== Supplied material
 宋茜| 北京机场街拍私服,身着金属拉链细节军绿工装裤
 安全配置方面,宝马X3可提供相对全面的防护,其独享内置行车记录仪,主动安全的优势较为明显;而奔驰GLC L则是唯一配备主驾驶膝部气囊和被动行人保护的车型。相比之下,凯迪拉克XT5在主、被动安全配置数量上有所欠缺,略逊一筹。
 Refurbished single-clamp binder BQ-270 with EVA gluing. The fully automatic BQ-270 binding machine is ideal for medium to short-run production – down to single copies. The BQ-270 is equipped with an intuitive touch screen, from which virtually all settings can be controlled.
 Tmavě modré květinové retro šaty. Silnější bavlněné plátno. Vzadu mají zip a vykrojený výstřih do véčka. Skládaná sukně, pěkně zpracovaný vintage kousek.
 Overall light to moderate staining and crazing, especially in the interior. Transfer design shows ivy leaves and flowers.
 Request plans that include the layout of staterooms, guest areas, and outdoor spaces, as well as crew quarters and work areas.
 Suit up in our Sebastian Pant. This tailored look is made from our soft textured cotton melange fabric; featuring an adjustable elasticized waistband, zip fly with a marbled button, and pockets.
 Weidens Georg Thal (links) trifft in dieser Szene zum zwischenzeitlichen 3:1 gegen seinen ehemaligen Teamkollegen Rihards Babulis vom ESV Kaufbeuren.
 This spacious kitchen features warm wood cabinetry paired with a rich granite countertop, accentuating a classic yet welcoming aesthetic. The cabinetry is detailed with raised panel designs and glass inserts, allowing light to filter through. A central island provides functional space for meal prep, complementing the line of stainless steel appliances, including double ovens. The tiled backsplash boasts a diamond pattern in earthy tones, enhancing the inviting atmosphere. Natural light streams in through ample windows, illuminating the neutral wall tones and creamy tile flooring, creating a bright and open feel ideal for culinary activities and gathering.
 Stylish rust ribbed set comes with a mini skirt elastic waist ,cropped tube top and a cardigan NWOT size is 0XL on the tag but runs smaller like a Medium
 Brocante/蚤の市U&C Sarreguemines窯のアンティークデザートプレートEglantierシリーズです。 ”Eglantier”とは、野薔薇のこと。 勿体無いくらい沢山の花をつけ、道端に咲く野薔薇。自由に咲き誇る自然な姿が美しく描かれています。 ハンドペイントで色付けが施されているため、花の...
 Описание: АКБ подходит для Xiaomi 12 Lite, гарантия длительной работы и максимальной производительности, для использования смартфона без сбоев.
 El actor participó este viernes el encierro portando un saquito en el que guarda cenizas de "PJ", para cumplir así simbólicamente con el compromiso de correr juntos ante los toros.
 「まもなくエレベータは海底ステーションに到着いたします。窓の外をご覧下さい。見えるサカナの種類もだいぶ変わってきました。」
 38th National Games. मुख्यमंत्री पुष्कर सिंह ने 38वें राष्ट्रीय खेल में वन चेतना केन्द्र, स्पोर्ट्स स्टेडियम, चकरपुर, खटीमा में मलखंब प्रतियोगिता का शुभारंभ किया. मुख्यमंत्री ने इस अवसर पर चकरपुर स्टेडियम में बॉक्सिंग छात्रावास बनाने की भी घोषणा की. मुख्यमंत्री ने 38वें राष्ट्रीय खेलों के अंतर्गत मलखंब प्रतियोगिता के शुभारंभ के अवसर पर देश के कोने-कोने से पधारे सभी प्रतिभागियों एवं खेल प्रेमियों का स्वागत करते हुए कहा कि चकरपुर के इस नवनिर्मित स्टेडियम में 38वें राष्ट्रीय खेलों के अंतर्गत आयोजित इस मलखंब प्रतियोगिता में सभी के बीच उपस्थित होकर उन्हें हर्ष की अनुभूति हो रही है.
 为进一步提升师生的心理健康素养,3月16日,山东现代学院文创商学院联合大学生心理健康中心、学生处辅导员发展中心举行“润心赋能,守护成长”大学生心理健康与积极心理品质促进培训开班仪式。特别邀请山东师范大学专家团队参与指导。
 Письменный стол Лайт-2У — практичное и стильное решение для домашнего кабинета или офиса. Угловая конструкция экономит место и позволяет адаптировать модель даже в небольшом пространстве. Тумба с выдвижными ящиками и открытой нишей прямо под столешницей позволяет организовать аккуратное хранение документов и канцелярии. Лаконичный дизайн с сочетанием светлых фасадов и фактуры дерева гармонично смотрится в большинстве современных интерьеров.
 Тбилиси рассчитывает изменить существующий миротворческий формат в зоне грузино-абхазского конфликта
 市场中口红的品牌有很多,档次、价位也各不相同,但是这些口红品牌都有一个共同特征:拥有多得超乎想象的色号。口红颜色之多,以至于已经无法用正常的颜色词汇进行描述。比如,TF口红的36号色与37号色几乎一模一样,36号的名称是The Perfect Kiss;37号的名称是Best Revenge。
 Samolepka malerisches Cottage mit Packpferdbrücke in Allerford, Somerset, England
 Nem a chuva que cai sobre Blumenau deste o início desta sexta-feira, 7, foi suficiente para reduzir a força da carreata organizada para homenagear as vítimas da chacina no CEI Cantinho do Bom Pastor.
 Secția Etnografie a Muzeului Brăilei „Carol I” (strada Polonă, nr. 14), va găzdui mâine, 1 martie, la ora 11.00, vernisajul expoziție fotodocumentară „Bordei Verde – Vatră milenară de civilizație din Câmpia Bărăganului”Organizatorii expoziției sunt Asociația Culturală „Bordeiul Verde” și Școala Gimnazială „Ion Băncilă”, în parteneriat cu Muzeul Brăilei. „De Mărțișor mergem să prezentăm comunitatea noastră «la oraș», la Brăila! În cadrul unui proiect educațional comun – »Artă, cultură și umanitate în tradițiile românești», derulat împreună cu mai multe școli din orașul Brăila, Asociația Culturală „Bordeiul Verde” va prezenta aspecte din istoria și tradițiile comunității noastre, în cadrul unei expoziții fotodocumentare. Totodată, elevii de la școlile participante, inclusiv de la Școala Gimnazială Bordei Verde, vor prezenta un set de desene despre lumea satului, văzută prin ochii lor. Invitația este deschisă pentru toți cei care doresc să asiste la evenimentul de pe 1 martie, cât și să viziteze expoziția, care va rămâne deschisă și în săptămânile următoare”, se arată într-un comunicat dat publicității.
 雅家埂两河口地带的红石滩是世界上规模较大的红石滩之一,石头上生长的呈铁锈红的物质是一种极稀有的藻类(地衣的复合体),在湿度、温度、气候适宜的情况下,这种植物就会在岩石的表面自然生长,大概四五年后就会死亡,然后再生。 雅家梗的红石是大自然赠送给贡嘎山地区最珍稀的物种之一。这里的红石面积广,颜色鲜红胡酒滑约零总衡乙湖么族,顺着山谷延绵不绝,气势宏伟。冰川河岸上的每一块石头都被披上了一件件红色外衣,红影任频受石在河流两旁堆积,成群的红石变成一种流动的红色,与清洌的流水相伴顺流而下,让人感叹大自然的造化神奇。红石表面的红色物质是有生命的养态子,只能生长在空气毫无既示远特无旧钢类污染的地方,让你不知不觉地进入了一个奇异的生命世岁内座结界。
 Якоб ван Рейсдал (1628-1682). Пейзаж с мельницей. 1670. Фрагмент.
====
Beginning at the line above with "安全配置方面,宝马X3可提供" and finishing at the line with "Weidens Georg Thal", return each line exactly and return nothing else.

◆ Finished task:
 安全配置方面,宝马X3可提供相对全面的防护,其独享内置行车记录仪,主动安全的优势较为明显;而奔驰GLC L则是唯一配备主驾驶膝部气囊和被动行人保护的车型。相比之下,凯迪拉克XT5在主、被动安全配置数量上有所欠缺,略逊一筹。
 Refurbished single-clamp binder BQ-270 with EVA gluing. The fully automatic BQ-270 binding machine is ideal for medium to short-run production – down to single copies. The BQ-270 is equipped with an intuitive touch screen, from which virtually all settings can be controlled.
 Tmavě modré květinové retro šaty. Silnější bavlněné plátno. Vzadu mají zip a vykrojený výstřih do véčka. Skládaná sukně, pěkně zpracovaný vintage kousek.
 Overall light to moderate staining and crazing, especially in the interior. Transfer design shows ivy leaves and flowers.
 Request plans that include the layout of staterooms, guest areas, and outdoor spaces, as well as crew quarters and work areas.
 Suit up in our Sebastian Pant. This tailored look is made from our soft textured cotton melange fabric; featuring an adjustable elasticized waistband, zip fly with a marbled button, and pockets.
 Weidens Georg Thal (links) trifft in dieser Szene zum zwischenzeitlichen 3:1 gegen seinen ehemaligen Teamkollegen Rihards Babulis vom ESV Kaufbeuren.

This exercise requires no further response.